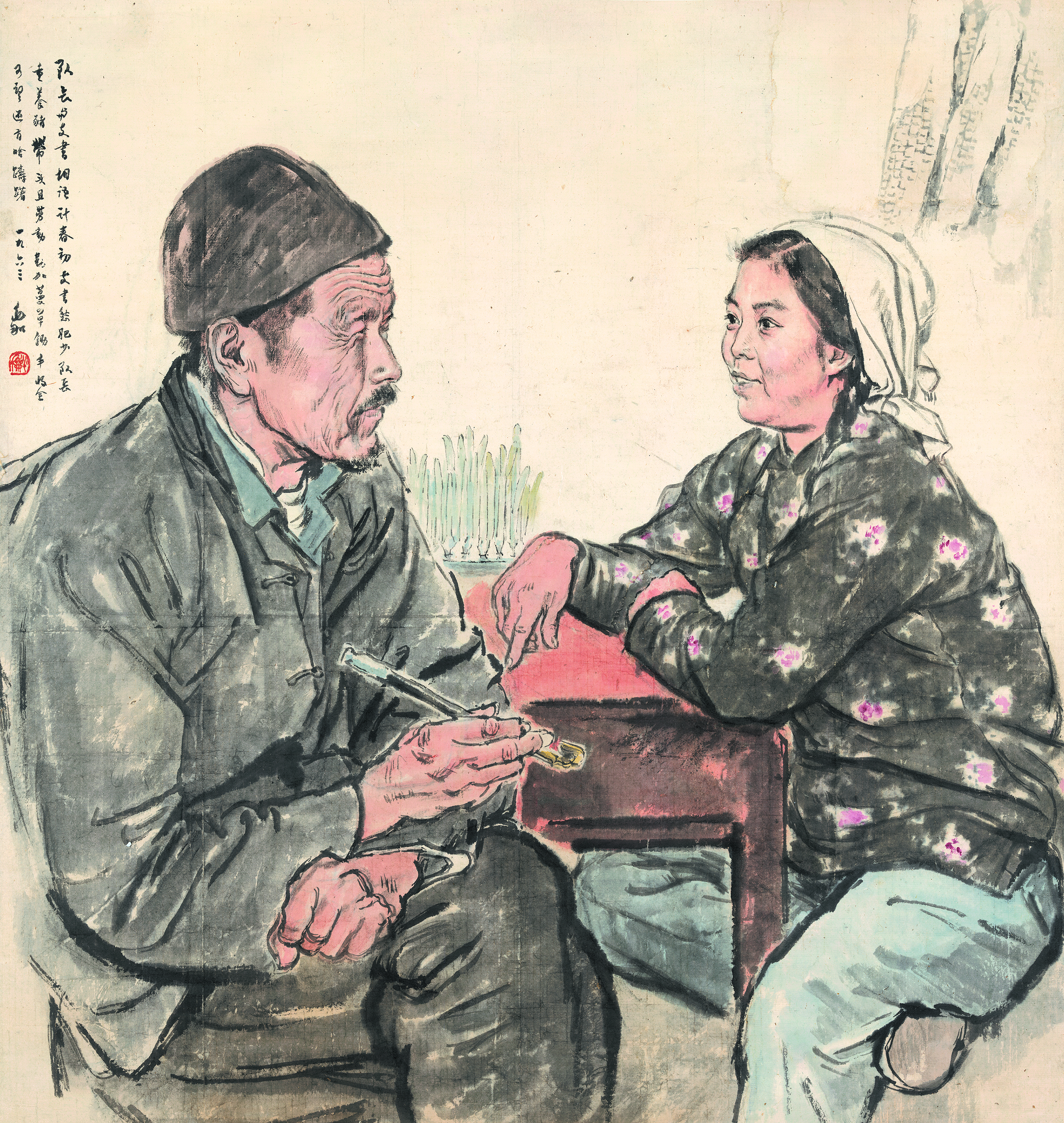 ▲队长与支书(国画) 96.6×91.4厘米 1963年 蒋兆和
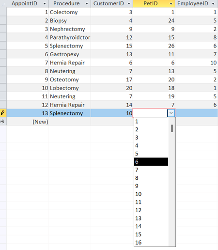 Seanarm1234 There is no need to store the customerID in the appointment table. If you just store the petID, you can find the customer through the pet table. You can show the customer on the appointment form and use that to find a pet for a new appointment. Search for "cascading comboboxes" to find examples.
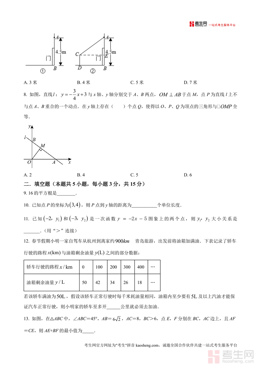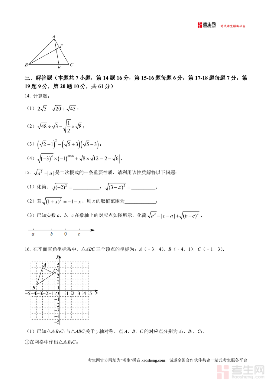 《精品解析:广东省深圳实验学校(中学部)2025-2026学年八年级上学期数学期中试卷(原卷版).docx》是一份聚焦深圳实验学校中学部八年级数学期中备考的权威真题资料。该资料包含完整原卷及精品解析两部分:原卷严格还原该校期中测试题型结构,涵盖选择题(8小题24分)、填空题(5小题15分)、解答题(7小题61分),涉及无理数识别、直角三角形判定、一次函数性质、平面直角坐标系应用等核心知识点;解析部分针对每道题的考点、解题思路及易错点进行详细梳理,并融入命题意图分析与技巧总结,助力学生深度理解知识应用逻辑。其特色在于贴合该校教学实际需求与命题风格偏好,内容精准匹配校内教学进度与能力要求。
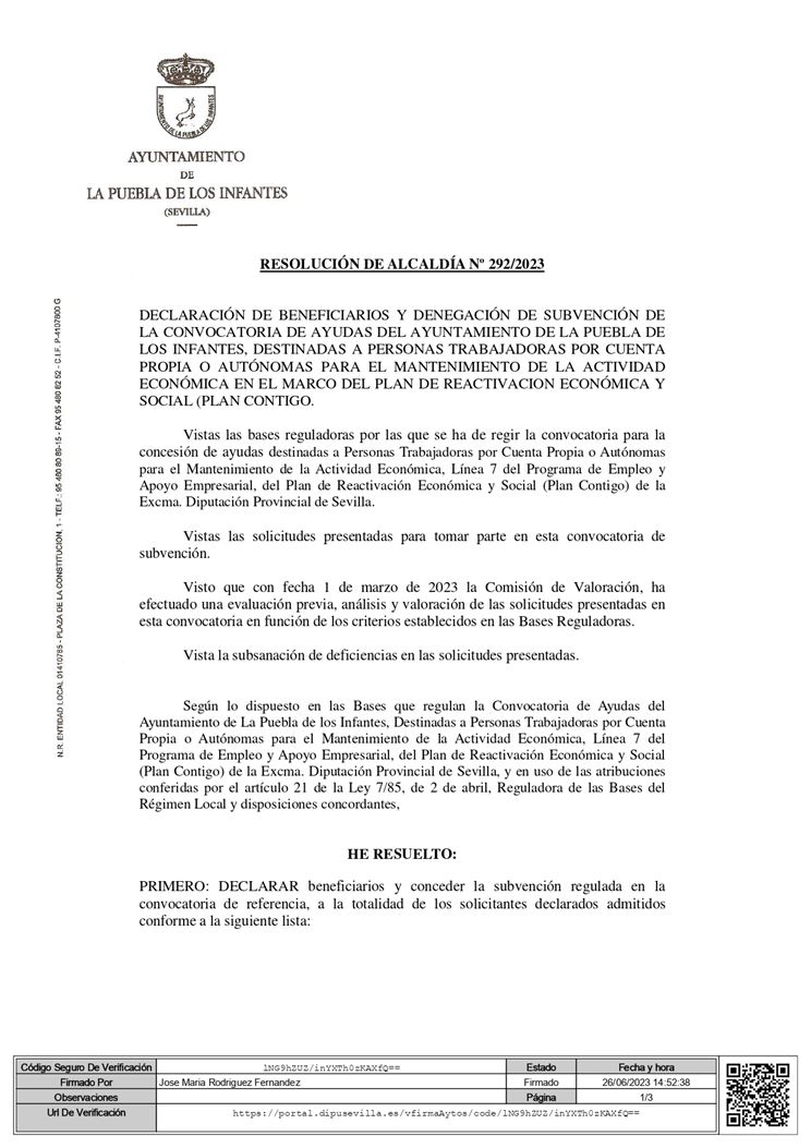 Declaración de beneficiarios y denegación de subvención de la convocatoria de ayudas a personas trabajadoras por cuenta propia o autónomas
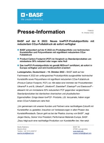 - BASF präsentiert auf der K 2022 ein Produktportfolio von technischen Kunststoffen und Polyurethanen mit signifikant reduziertem CO2e-Fußabdruck
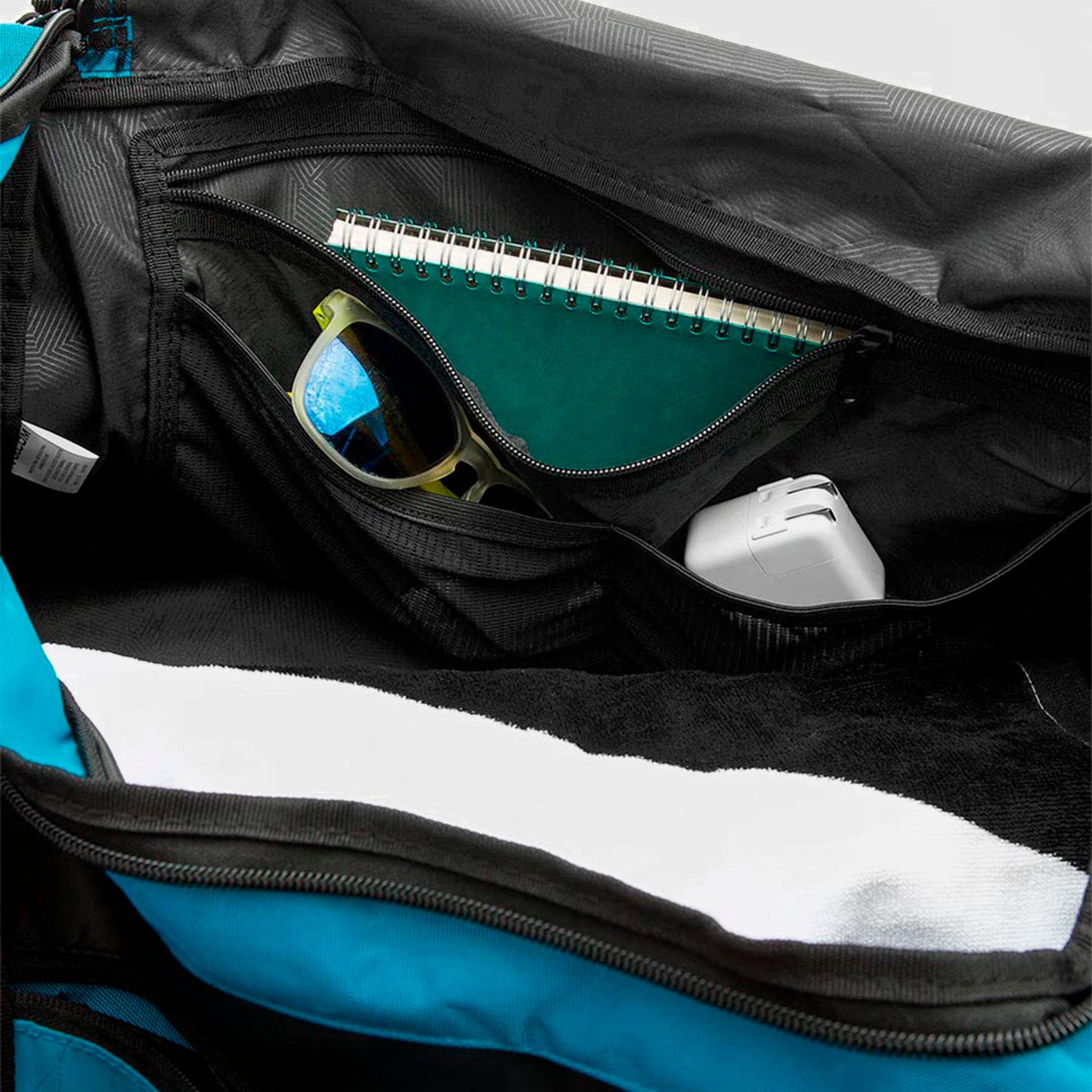 • Bolsillo frontal con cierre, con organización interna para tus accesorios pequeños.

^^^^

TASK TO COMPLETE: Up to and including the line containing "Declaración de beneficiarios", repeat every line from the start of the data, but none of the pictures.

OUTPUT FOR THIS TASK:
 ▲队长与支书(国画) 96.6×91.4厘米 1963年 蒋兆和
 Seanarm1234 There is no need to store the customerID in the appointment table. If you just store the petID, you can find the customer through the pet table. You can show the customer on the appointment form and use that to find a pet for a new appointment. Search for "cascading comboboxes" to find examples.
 《精品解析:广东省深圳实验学校(中学部)2025-2026学年八年级上学期数学期中试卷(原卷版).docx》是一份聚焦深圳实验学校中学部八年级数学期中备考的权威真题资料。该资料包含完整原卷及精品解析两部分:原卷严格还原该校期中测试题型结构,涵盖选择题(8小题24分)、填空题(5小题15分)、解答题(7小题61分),涉及无理数识别、直角三角形判定、一次函数性质、平面直角坐标系应用等核心知识点;解析部分针对每道题的考点、解题思路及易错点进行详细梳理,并融入命题意图分析与技巧总结,助力学生深度理解知识应用逻辑。其特色在于贴合该校教学实际需求与命题风格偏好,内容精准匹配校内教学进度与能力要求。
 Declaración de beneficiarios y denegación de subvención de la convocatoria de ayudas a personas trabajadoras por cuenta propia o autónomas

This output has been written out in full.